October 30, 2013, 06:03		#4
ghorrocks Super Moderator Glenn Horrocks Join Date: Mar 2009 Location: Sydney, Australia Posts: 17,854 Rep Power: 144	The trick of extending the outlet downstream does not work so well for LES. In LES you have turbulent eddies which will have parts where the flow is going backwards. This means you will almost always have some backflow somewhere. The amount of backflow will vary and it is possible that occasionally it becomes very high. But 100% backflow is a worry, that suggests you had numerical problems at this point. Can you use an opening? That can handle backflow with no problems.

October 30, 2013, 17:44		#6
ghorrocks Super Moderator Glenn Horrocks Join Date: Mar 2009 Location: Sydney, Australia Posts: 17,854 Rep Power: 144	If you are doing LES then a finer mesh and time steps will resolve more turbulent eddies and you should get more backflow. This is not surprising. But if you are doing LES then the choice of mesh size is a critical simulation parameter as you have to get the resolution of the anisotropic turbulent eddies, but leave the isotropic ones unresolved. You cannot just change the mesh size and see what happens with LES - it is a carefully chosen decision and once taken you should not change it. But yes, you should look at openings.

November 3, 2013, 06:03		#8
ghorrocks Super Moderator Glenn Horrocks Join Date: Mar 2009 Location: Sydney, Australia Posts: 17,854 Rep Power: 144	Adding imbalances to the convergence criteria just means you are converging tighter. If this changes the result then your previous convergence tolerance was too loose. You really need to do convergence tolerance sensitivity checks before you start reading too much into your results.
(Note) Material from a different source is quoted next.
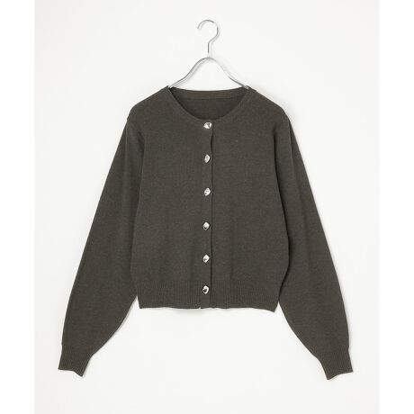 シンプルなカーディガンに、表情のあるメタルボタンを添えることで、さりげないアクセントを効かせた一着です。

And while you are at it, check time step size and mesh size - but as previously mentioned mesh and timestep size is intimately linked to the filtering length/time scales so you have to check your turbulence length/time scales to make sure you are resolving it correctly.

November 3, 2013, 17:39		#10
ghorrocks Super Moderator Glenn Horrocks Join Date: Mar 2009 Location: Sydney, Australia Posts: 17,854 Rep Power: 144	Courant Number has only a low relevance to CFX as it is an implicit solver. You are getting mixed up with explicit solvers where Courant number is critical. Just because Courant number <1 that does not mean you have a time step size independant solution. You need to check.

November 4, 2013, 05:25		#12
ghorrocks Super Moderator Glenn Horrocks Join Date: Mar 2009 Location: Sydney, Australia Posts: 17,854 Rep Power: 144	True. And I suspect in LES adaptive timestepping will constant jiggle the time step up and down with the turbulent fluctuations and that is not a good thing either.